What is the Eurodollar Market?
The most important and least understood driver of global financial markets.
‘Temporary’ changes to the rule of law during times of crisis have rarely remained temporary.
Since the end of the 1990s, there has been a mass accumulation of foreign reserve assets by global Central Banks. These monetary authorities have been exchanging their domestic reserves (cash in national currencies) for less-volatile foreign assets (primarily the US Dollar, Euro, British Pound, Gold and IMF-related deposits). This diversification of cash reserves is meant to, at least partially, shield their economies from internal crisis and trade imbalances (importing and exporting goods via differing currencies), both of which can leave a country in a vulnerable position and lead to multiple negative outcomes, one being the depreciation of the national currency.
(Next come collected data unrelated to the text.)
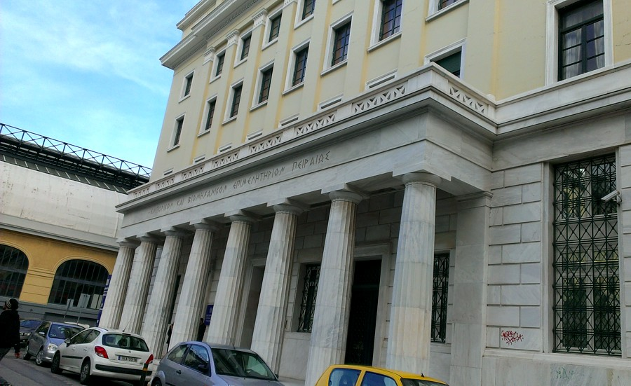 epimelitirio
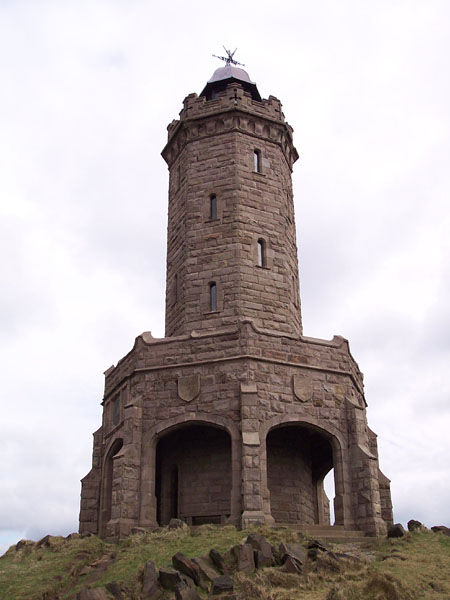 The Jubilee Tower at grid reference SD678215 above Darwen, Lancashire, England.
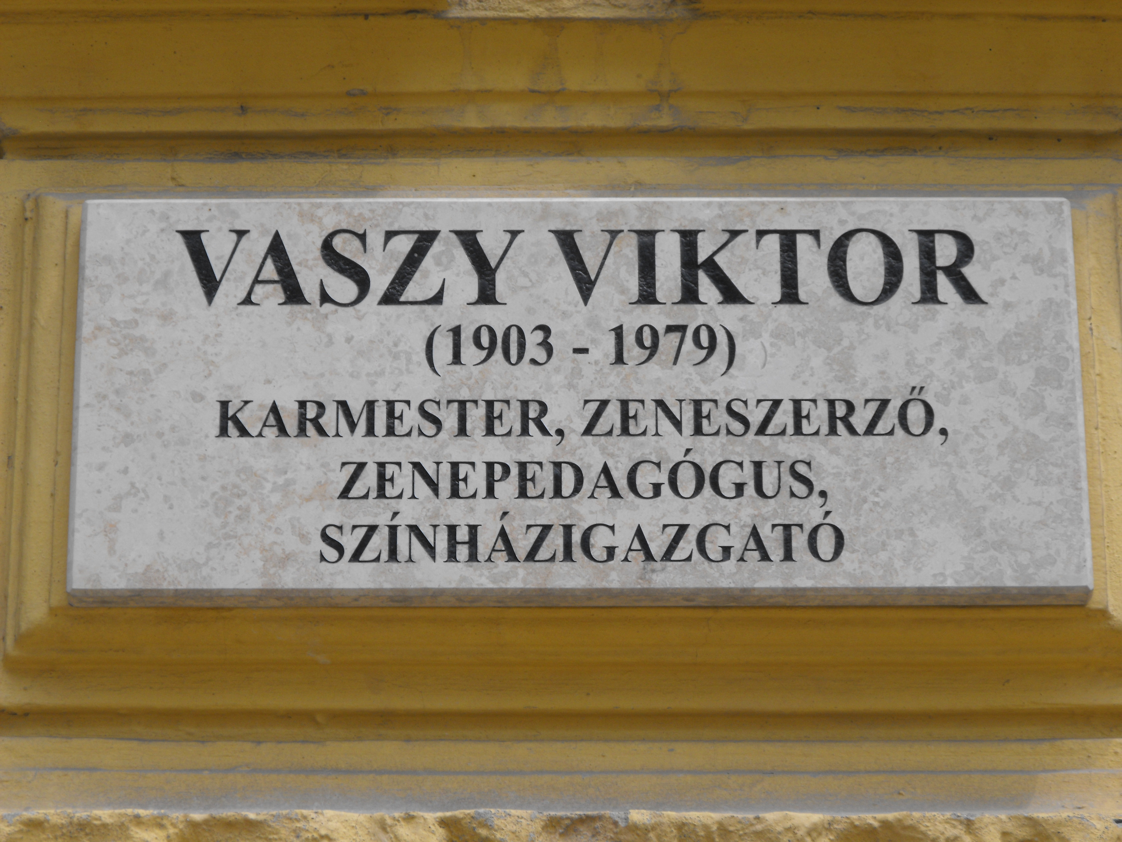 Memorial tablet of Viktor Vaszy, conductor and composer in Szeged, Hungary.
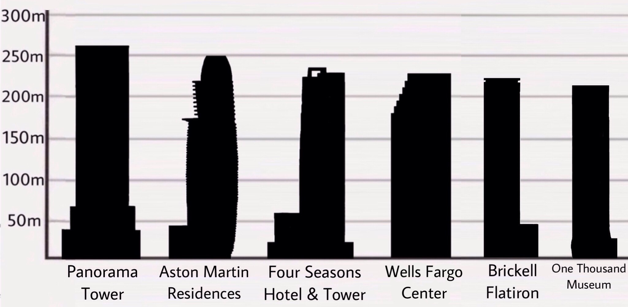 Comparison of the six tallest skyscrapers in Miami. (In 2020 the Aston Martin Residences are still under construction.)

This makes total sense (and seems to be an asset allocation strategy straight out of Ray Dalio’s Diversify! Diversify! Diversify! playbook), especially in a more interconnected global economy that is the result of what we commonly refer to as globalization.
These reserves are important because they add economic incentives for countries to cooperate and behave – if a country owns most of its “savings” in US Dollars, it’s incentivized to see the US Dollar perform as a reliable store of value – as well as make trade amongst countries much more fluid, which increases the stability of the world's economy.